Angell wistfully advocated for “relinquishing the principle of isolated national defence…and erecting an international authority” to replace “the self interest of individual nations.” The Nobel Committee described Angell as “cool and clear,” and that he “spoke to the intellect.” Most notably, Angell argued, “you cannot kill ideas with bullets.” He believed that an enlightened citizenry, once someone or something enlightened them, would render war obsolete.
Norman Angell won the Nobel in 1933, a most dangerous year for his ideas to gain currency. In January 1933, Adolf Hitler became the Chancellor of Germany. And in the following years, Norman Angell’s ideas flourished and were adopted as policy by a British Government unwilling to acknowledge the Gathering Storm. Winston Churchill, however, regularly and vociferously opposed Angell and his allies. It took Churchill’s courage to stand against this national naïveté throughout the 1930s, usually alone, and always jeered in the House of Commons. The British government followed Angell’s model for international relations and ignored Churchill, adopting timid diplomatic and defense policies.
The 1933 Peace Prize winner profoundly influenced British policy in ways that led directly to German tanks rolling into Poland in September 1939. War did not break out because nations ignored Angell’s advice; instead, the ensuing carnage in Europe happened because European democracies made Angell’s ideas government policy. Europe gambled that Angell’s model would ensure peace, and by the time everyone saw that the gamble had failed, it was too late. Winston Churchill rose to greatness precisely because he opposed, from the beginning, the philosophy of a Nobel Peace Prize winner whose name few now recognize.
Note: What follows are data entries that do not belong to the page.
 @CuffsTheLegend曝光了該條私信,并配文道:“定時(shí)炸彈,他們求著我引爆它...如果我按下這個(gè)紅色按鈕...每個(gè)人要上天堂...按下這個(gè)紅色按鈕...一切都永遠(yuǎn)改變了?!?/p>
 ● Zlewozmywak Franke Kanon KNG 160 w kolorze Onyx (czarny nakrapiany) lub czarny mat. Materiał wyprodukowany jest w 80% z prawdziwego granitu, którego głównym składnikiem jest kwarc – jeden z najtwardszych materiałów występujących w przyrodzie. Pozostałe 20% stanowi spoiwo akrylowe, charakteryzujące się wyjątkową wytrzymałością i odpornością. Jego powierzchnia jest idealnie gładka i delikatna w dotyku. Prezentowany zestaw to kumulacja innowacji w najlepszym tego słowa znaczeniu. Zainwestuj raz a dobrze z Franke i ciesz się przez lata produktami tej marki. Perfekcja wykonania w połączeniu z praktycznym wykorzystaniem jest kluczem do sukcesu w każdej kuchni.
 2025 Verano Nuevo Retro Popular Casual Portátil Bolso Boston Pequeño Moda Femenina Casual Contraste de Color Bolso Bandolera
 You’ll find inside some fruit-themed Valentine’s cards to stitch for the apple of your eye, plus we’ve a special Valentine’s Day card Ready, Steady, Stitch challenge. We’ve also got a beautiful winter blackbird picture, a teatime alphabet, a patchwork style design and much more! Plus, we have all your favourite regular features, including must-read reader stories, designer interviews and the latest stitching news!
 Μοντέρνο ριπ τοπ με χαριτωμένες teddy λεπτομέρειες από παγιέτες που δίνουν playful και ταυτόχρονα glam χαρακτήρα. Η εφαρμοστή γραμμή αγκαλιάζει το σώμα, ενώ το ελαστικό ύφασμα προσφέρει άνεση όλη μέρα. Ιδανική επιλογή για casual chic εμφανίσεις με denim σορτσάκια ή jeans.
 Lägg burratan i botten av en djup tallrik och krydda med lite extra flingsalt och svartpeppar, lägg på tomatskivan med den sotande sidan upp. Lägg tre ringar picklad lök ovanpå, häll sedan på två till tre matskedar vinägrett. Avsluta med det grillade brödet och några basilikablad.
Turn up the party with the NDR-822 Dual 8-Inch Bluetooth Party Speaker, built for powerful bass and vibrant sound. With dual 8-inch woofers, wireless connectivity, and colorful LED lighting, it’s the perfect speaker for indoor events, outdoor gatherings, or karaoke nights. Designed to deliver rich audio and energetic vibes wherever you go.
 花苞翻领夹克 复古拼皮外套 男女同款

Ultimately, the idea of Nazism was killed with millions of bullets and bombs, and millions more brave men and women. Confronting bloodthirsty evil demands more than dialog.
Angell’s arguments were comfortable in 1933 for the same reasons many today find comfort in the primacy of negotiation as the best tool to confront militant Islam, Iranian nukes or a belligerent Russia: prosperous nations are deluded into thinking talk is always the best way to preserve prosperity. Your familiar comfort and daily routine simply cannot be inconvenienced by wars or rumors of wars. The lessons of an entire century, both Neville Chamberlain’s errors, and Ronald Reagan’s successes, aren’t enough to shake awake a populace blessed with comfort and material satisfaction.
Churchill, responding directly to Angell, asked “who is the man vain enough to suppose that the long antagonisms of history and of time can in all circumstances be adjusted by the smooth and superficial conventions of politicians and ambassadors?” The Nobel Committee may have answered Sir Winston’s query for the 21st century.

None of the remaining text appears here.